Batch Acceptance Rate (phi): 44.97%
Checking Parameters:
phi: 0.0102, rho: 0.2496, sig2eps: 25.4951, sig2eta: 180.1180
beta[1]: -23.6339 beta[2]: 2.3384 beta[3]: 1.1674 beta[4]: 0.6791


Sampled: 2000 of 2000, 100.00%.
Batch Acceptance Rate (phi): 44.22%
Checking Parameters:
phi: 0.0090, rho: 0.1954, sig2eps: 26.7600, sig2eta: 194.2956
beta[1]: -19.1704 beta[2]: 2.3443 beta[3]: 0.7325 beta[4]: 0.2659

nBurn = 1000 . Iterations = 2000 .

Acceptance rate: (phi) = 44.2 %

Elapsed time: 1.42 Sec.

Model: GPP

Total time taken:: 1.46 - Sec.

Spatial prediction using spT.Gibbs output

pred.gp <- predict(mod$fit, tol.dist=0.0, newdata = DataValPred, newcoords = ~ Longitude + Latitude)

Prediction: GPP models

Sampled: 100 of 1000, 10.00%


Sampled: 200 of 1000, 20.00%


Sampled: 300 of 1000, 30.00%


Sampled: 400 of 1000, 40.00%


Sampled: 500 of 1000, 50.00%


Sampled: 600 of 1000, 60.00%


Sampled: 700 of 1000, 70.00%


Sampled: 800 of 1000, 80.00%


Sampled: 900 of 1000, 90.00%


Sampled: 1000 of 1000, 100.00%

Predicted samples and summary statistics are given.
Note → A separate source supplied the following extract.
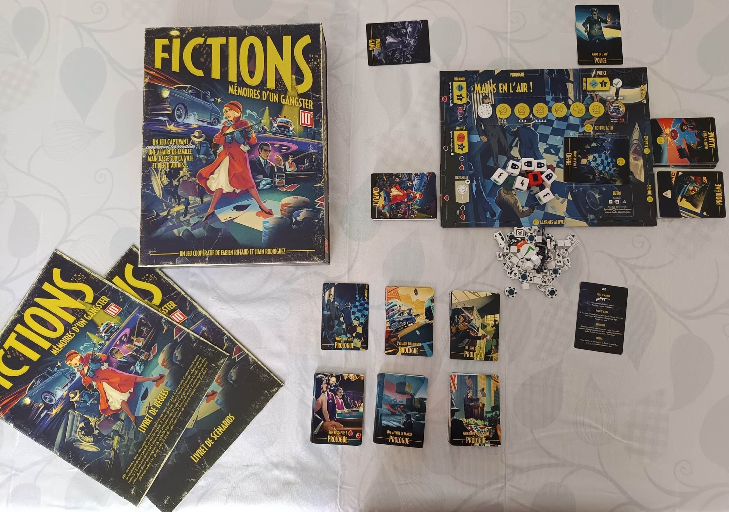 Jeu crée par Fabien RIFFAUD (Les Poilus) et Juan RODRIGUEZ (Les Poilus, Cartzzle ou encore Tracks) il est édité chez Ludonova et distribué par Asmodee, « Fictions, les Mémoires d’un Gangster » est un jeu coopératif où 1 à 4 joueurs incarnent les chefs d’un gang mafieux dont l’objectif est de gagner en pouvoir pour prendre le contrôle de la ville en remportant les élections dans le scénario final. Pour ça, il doivent d’abord terminer deux scénarios afin d’obtenir assez de réputation pour que les Complices les plus craints de la ville rejoignent leurs rangs et les aident à concrétiser leurs plans pleins d’ambition.

nBurn = 1000 . Iterations = 2000 .

Elapsed time: 0.56 Sec.

I have found the solution or the error. Your tip with the string - package has helped me very well. I have taken out all times one after the other and so I could identify the package which causes the error. It was the package "formula.tools" which overwrites the base paste() function. If I take out this package and restart r then the prediction works without error.

Here again the code:

    rm(list=ls())
    library(bmstdr)
    library(spTimer)

    set.seed(11)
    s <- sort(sample(unique(nysptime$s.index), size = floor((length(unique(nysptime$s.index))/100)*20)))
    DataFit <- spT.subset(data = nysptime, var.name = "s.index", s = s, reverse = T)
    DataValPred <- spT.subset(data = nysptime, var.name = "s.index", s = s, reverse = F)
    mod <- Bsptime(package = "spTimer",
               model = "GPP", 
               formula = as.formula(y8hrmax ~ xmaxtemp + xwdsp + xrh), 
               data = DataFit, 
               n.report = 5, 
               coordtype = "utm", 
               coords = 4:5, 
               scale.transform = "NONE", 
               g_size = 4,
               N = 2000, 
               mchoice = F,
               plotit = F)

# without error
pred.gp <- predict(mod$fit, tol.dist=0.0, newdata = DataValPred, newcoords = ~ Longitude + Latitude)

# with error if the package "formula.tools" is loaded
if(!require(formula.tools)){install.packages("formula.tools");library(formula.tools)}
pred.gp <- predict(mod$fit, tol.dist=0.0, newdata = DataValPred, newcoords = ~ Longitude + Latitude)

Great, then one error would be already done :=)

Thanks for the help. Because of the other things I write to the maintrainer.